Add the hosts parsing file. This is a mac, so you can add it directly with the command. If you win, open the hosts file and add it like this

tail -2 /etc/hosts
192.168.31.221 paas.abcops.com
192.168.31.221 cmdb.abcops.com

Login page - click Configure platform

[the external chain picture transfer fails. The source station may have an anti-theft chain mechanism. It is recommended to save the picture and upload it directly (IMG mprrqxsc-1631774209332)( http://172.26.3.89:4999/server/ …/Public/Uploads/2019-09-26/5d8c8747d8d20.jpg)]

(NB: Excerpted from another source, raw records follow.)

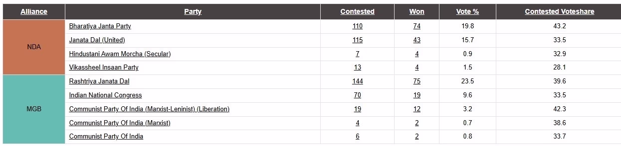 On the other hand, within the Mahagathbandhan, the Rashtriya Janata Dal (RJD) contested 144 seats, winning 75. Indian National Congress (INC) contested 70 seats and won 19. CPI (ML) Liberation contested 19 and won 12, CPI (M) contested four and won two, while the CPI contested six and secured victory on two seats.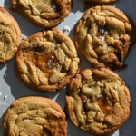 They will be misshapen out of the oven, this is due to the toffee melting and pushing out the cookie dough. As soon as they are out and while still very hot, use a round container to gently nudge them back into a circular shape (this is kind of like cookie scooting but very gently or the cookies will tear, a spoon works too). Sprinkle with flaky sea salt and let cool completely on the pan.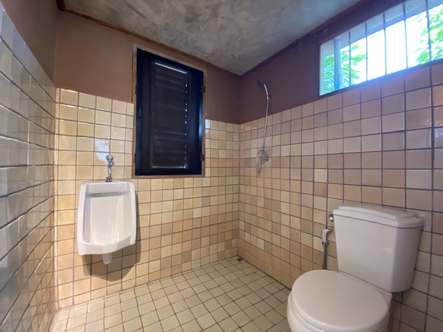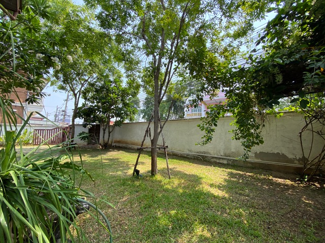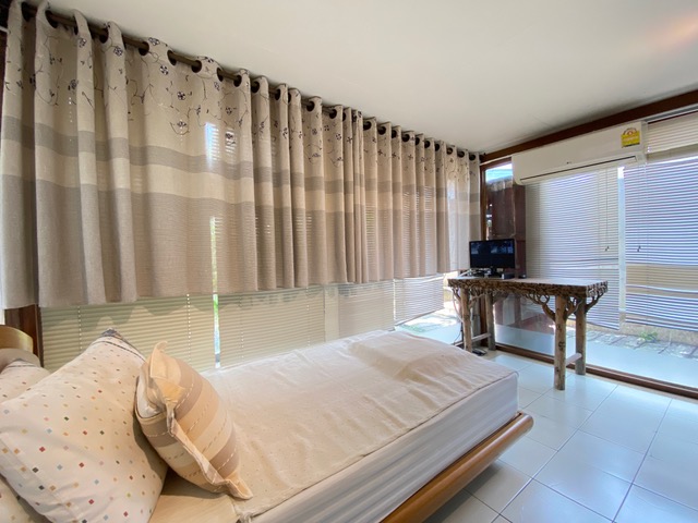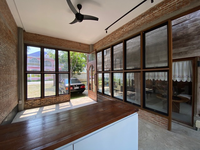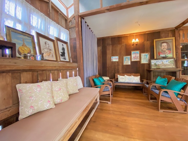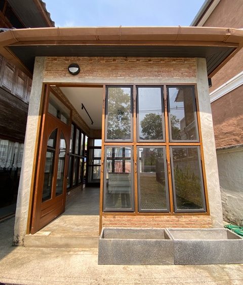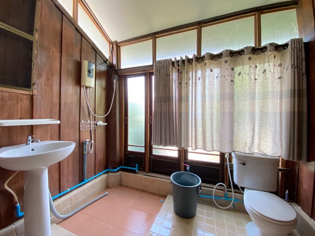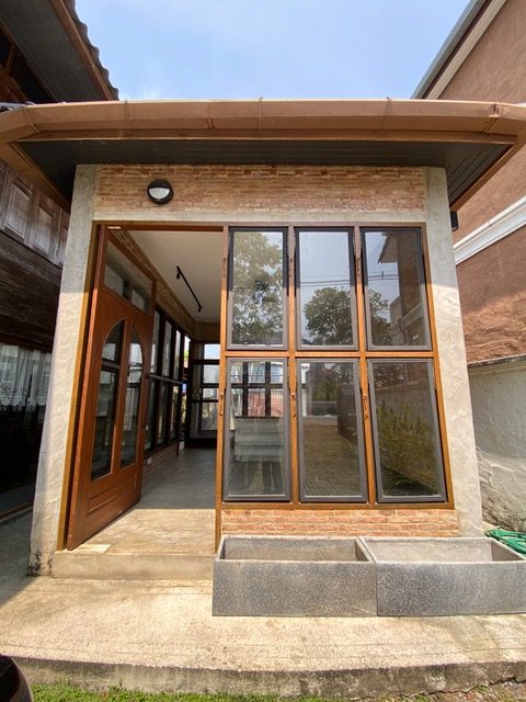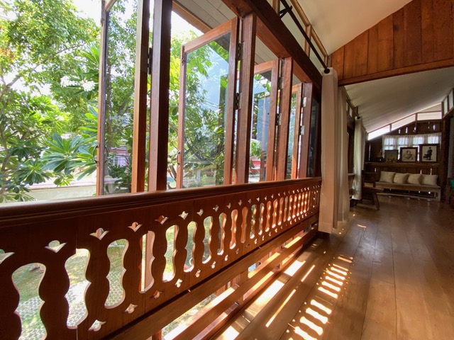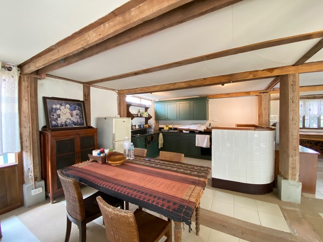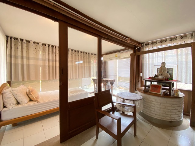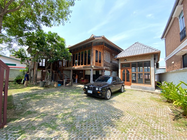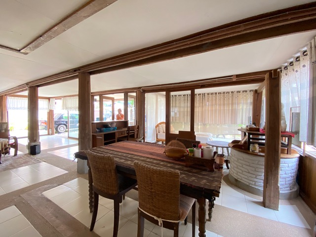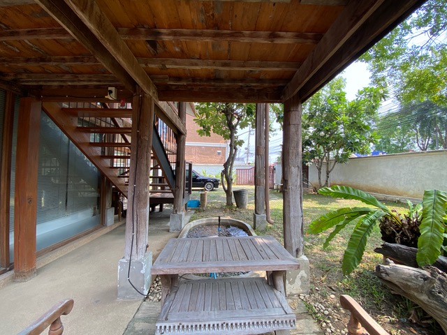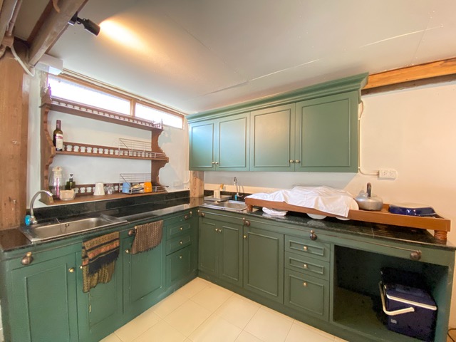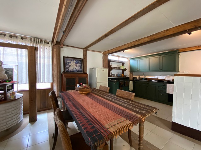 The house occupies just under 100 sqw of land, it is fenced in with a lovely hedge to hide the wall and cosy cobblestone-style ground. A cute new building in a similar style has been added that can be used as a cafe or a small bakery, it is fully a/c and ceiling fan. The main house is open on the ground floor as in normal Thai style, however, most parts now have glass walls so still provides a sense of being 'open'. Inside, there are beautiful wood beams ceilings and a large open area. There is a sitting area, guest bathroom, dining area and a lovely Western kitchen. A small day room is here as well.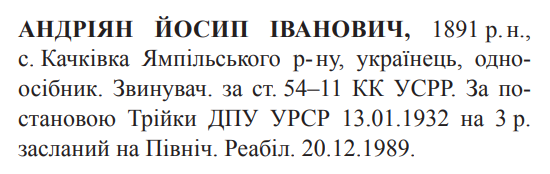 Реабілітований: Вiнницькою облпрокуратурою 20.12.1989 р. Реабілітовані історією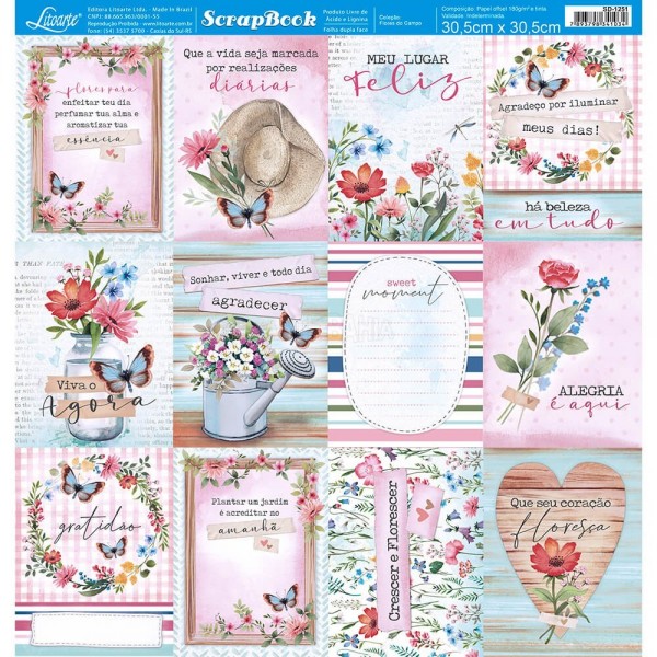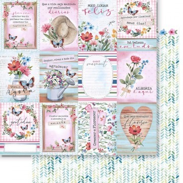 Folha para Scrapbook Dupla Face - SD1251 - Placas c/ Dizeres e Flores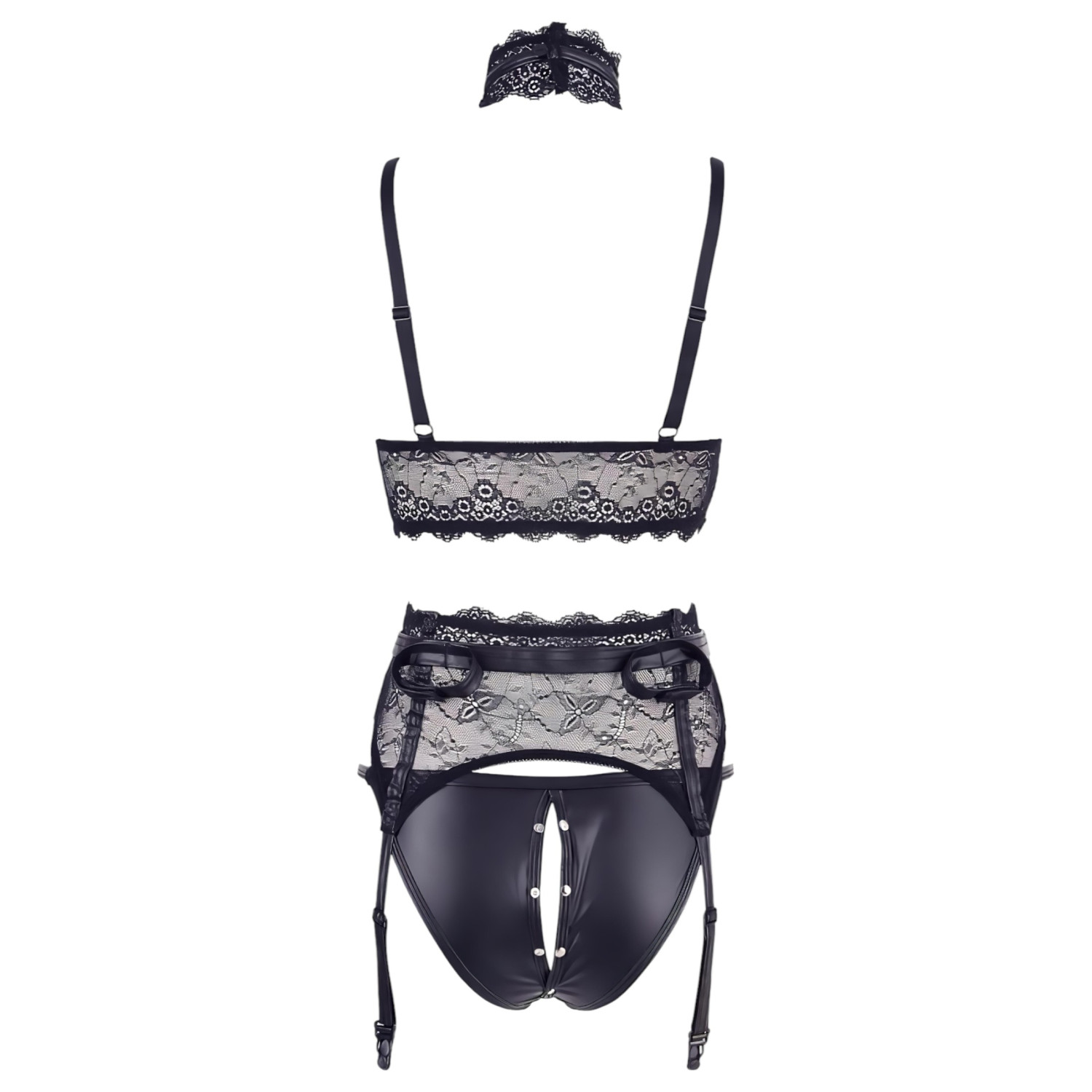 Cottelli Bondage - комплект бельо с дантела и белезници (черен) - L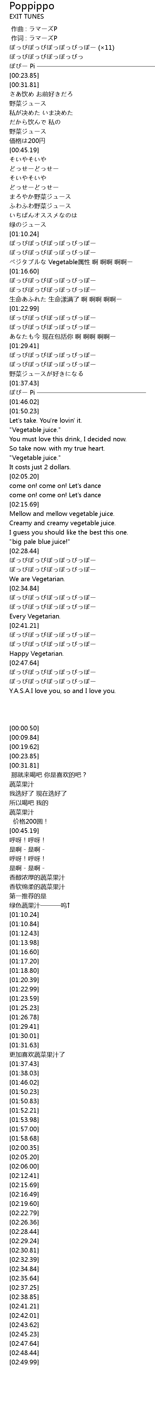 | [01:18.80] | ぽっぴぽっぴぽっぽっぴっぽー |

[the external chain picture transfer fails. The source station may have an anti-theft chain mechanism. It is recommended to save the picture and upload it directly (img-7j0ig8gb-1631774209333)( http://172.26.3.89:4999/server/ …/Public/Uploads/2019-09-26/5d8c8757754c4.jpg)]

Deploy job platform

Central computer operation

[root@nginx-1 install]# cd /data/install/
[root@nginx-1 install]# ./bk_install job

Screenshot of successful job installation

[external chain picture transfer failed. The source station may have anti-theft chain mechanism. It is recommended to save the picture and upload it directly (img-vbb490sf-1631774209336)( http://172.26.3.89:4999/server/ …/Public/Uploads/2019-09-26/5d8c876c8e48f.jpg)]

Add hosts parse file

tail -3 /etc/hosts
192.168.31.221 paas.abcops.com
192.168.31.221 cmdb.abcops.com
192.168.31.221 job.abcops.com

Click the operation platform after logging in the page
[the external chain picture transfer fails. The source station may have an anti-theft chain mechanism. It is recommended to save the picture and upload it directly (img-cfrim616-1631774209340)( http://172.26.3.89:4999/server/ …/Public/Uploads/2019-09-26/5d8c87814d4ff.jpg)]

Deploy app_mgr platform

[root@nginx-1 install]# cd /data/install/
[root@nginx-1 install]# ./bk_install app_mgr

After this step is completed, you can see the successfully activated server in the server information and third-party service information of the developer center
At the same time, saas applications (except blue whale monitoring and log retrieval) can also be uploaded and deployed

Screenshot of installation completion:
[external chain picture transfer failed. The source station may have anti-theft chain mechanism. It is recommended to save the picture and upload it directly (img-fua8x9zf-1631774209342)( http://172.26.3.89:4999/server/ …/Public/Uploads/2019-09-26/5d8c87aa40ff9.jpg)]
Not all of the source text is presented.